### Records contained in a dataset
%%

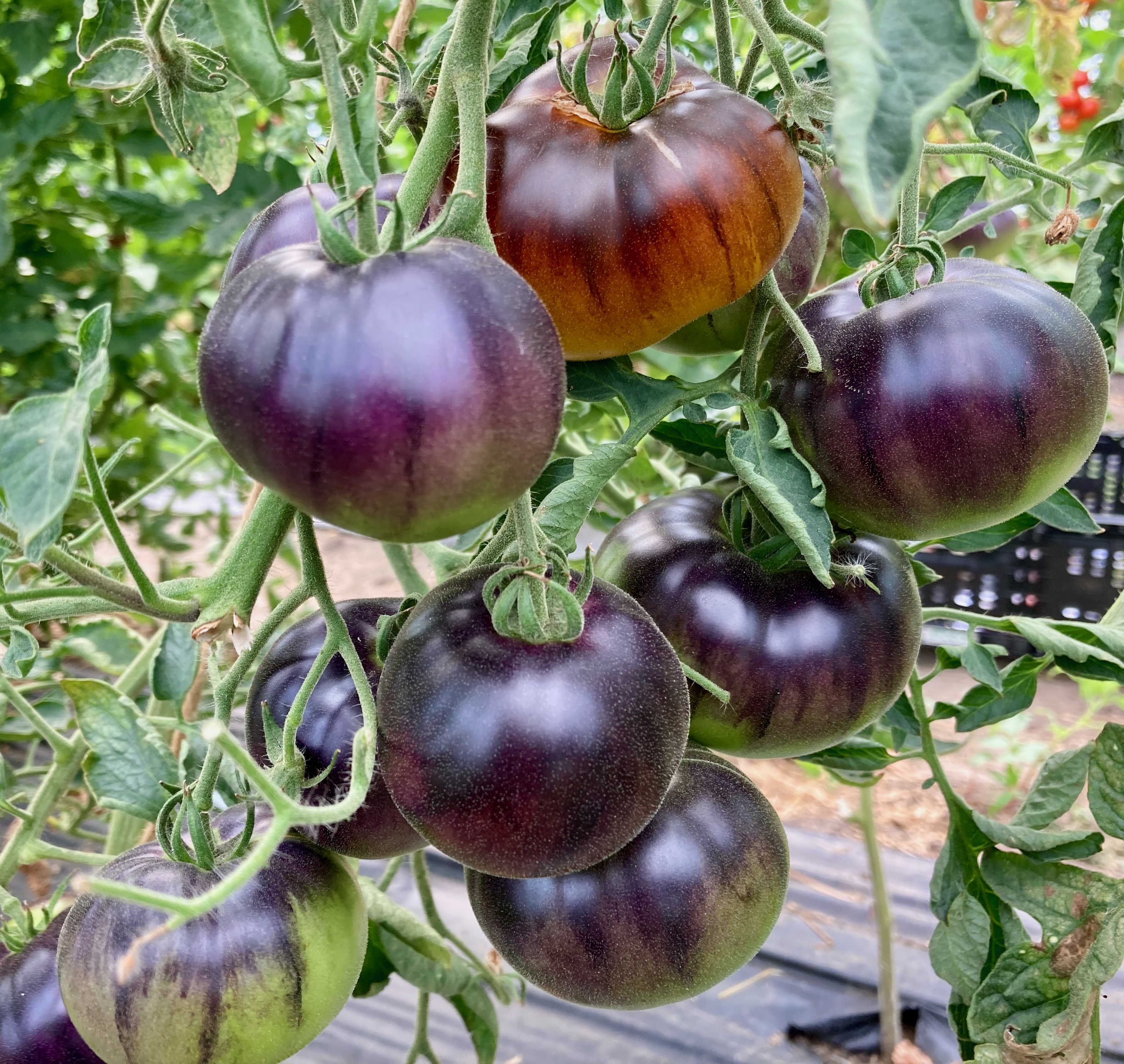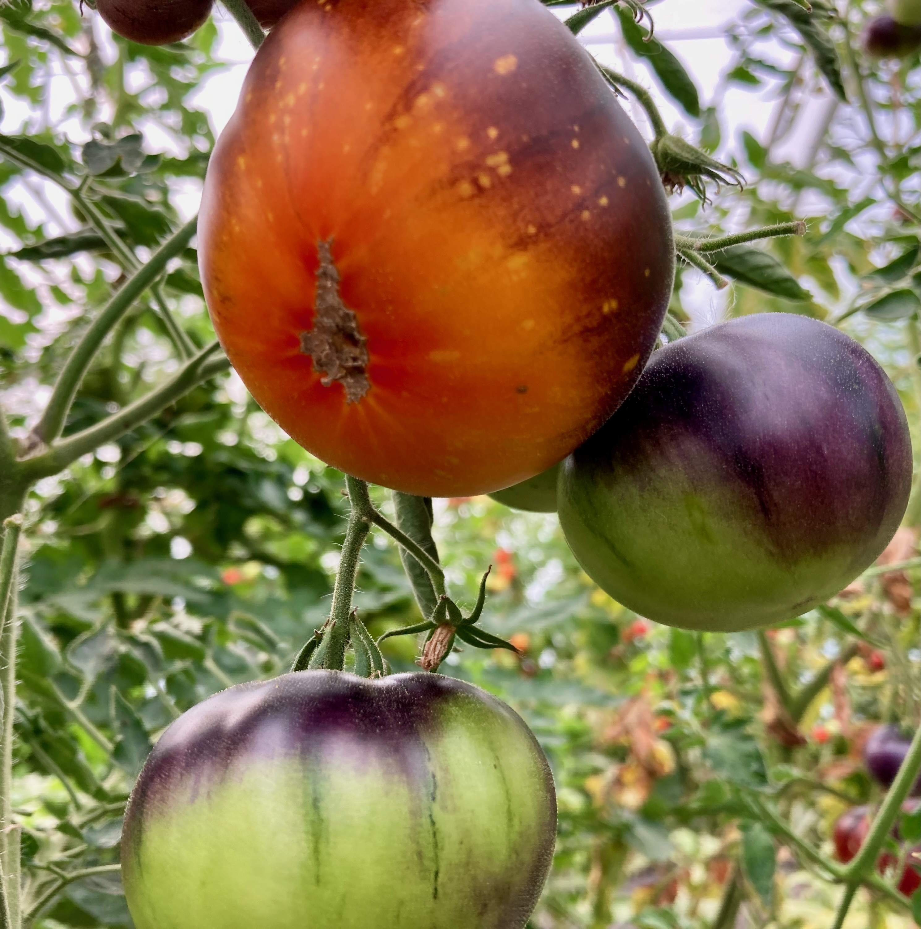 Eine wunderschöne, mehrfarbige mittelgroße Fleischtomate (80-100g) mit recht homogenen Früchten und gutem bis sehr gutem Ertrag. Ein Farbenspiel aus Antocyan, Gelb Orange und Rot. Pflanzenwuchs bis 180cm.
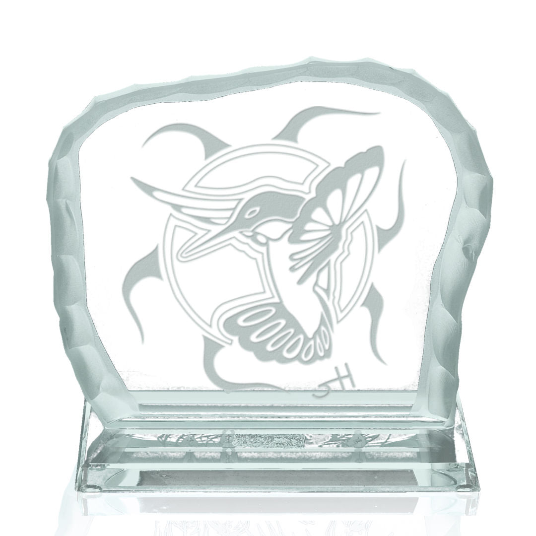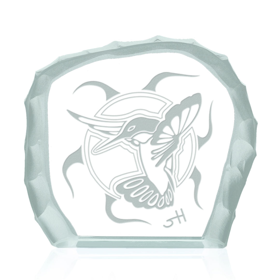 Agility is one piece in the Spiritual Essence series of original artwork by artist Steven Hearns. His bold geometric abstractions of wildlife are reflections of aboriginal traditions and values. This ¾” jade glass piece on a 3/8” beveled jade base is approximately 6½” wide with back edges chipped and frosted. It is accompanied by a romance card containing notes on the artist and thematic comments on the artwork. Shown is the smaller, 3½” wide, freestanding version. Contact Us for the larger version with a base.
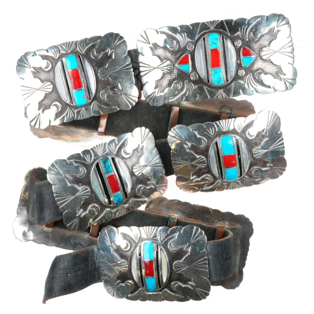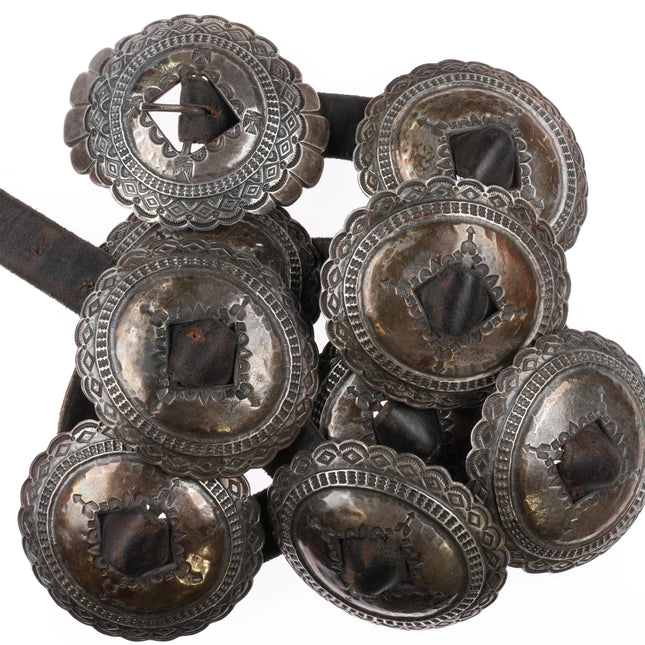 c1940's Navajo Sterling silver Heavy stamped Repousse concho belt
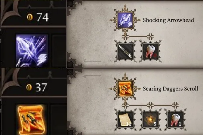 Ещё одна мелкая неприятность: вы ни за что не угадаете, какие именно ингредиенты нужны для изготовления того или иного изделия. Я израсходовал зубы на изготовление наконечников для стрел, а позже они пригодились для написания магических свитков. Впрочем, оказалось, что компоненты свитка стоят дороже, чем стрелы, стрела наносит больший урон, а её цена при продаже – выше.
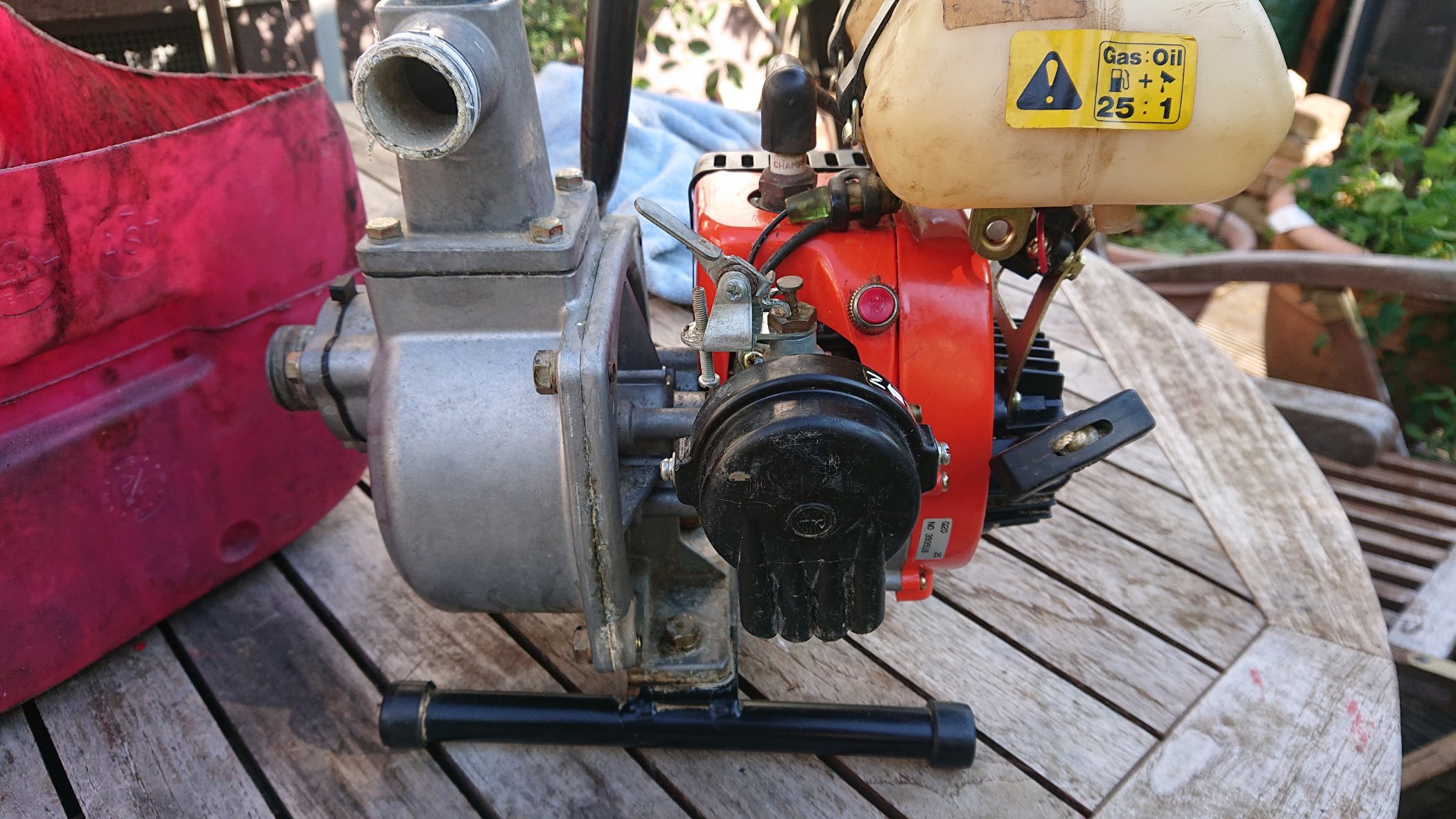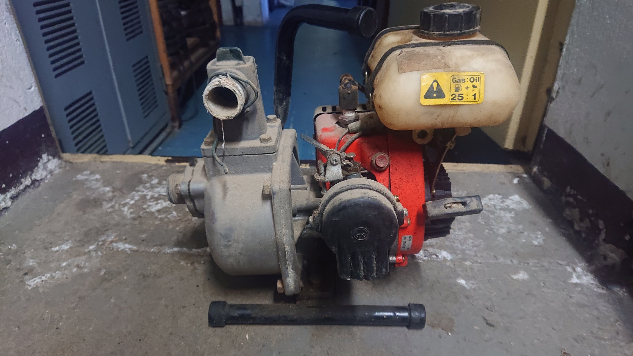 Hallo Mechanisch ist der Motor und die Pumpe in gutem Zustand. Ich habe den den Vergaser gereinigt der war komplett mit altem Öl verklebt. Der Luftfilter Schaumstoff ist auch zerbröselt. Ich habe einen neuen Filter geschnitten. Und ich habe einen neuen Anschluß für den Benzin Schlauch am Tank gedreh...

%%

### Directions
With the pictures left out, please output each line from the one containing "c1940's Navajo Sterling" through the end of the entries, exactly as it is.

### Answer for this exercise
 c1940's Navajo Sterling silver Heavy stamped Repousse concho belt
 Ещё одна мелкая неприятность: вы ни за что не угадаете, какие именно ингредиенты нужны для изготовления того или иного изделия. Я израсходовал зубы на изготовление наконечников для стрел, а позже они пригодились для написания магических свитков. Впрочем, оказалось, что компоненты свитка стоят дороже, чем стрелы, стрела наносит больший урон, а её цена при продаже – выше.
 Hallo Mechanisch ist der Motor und die Pumpe in gutem Zustand. Ich habe den den Vergaser gereinigt der war komplett mit altem Öl verklebt. Der Luftfilter Schaumstoff ist auch zerbröselt. Ich habe einen neuen Filter geschnitten. Und ich habe einen neuen Anschluß für den Benzin Schlauch am Tank gedreh...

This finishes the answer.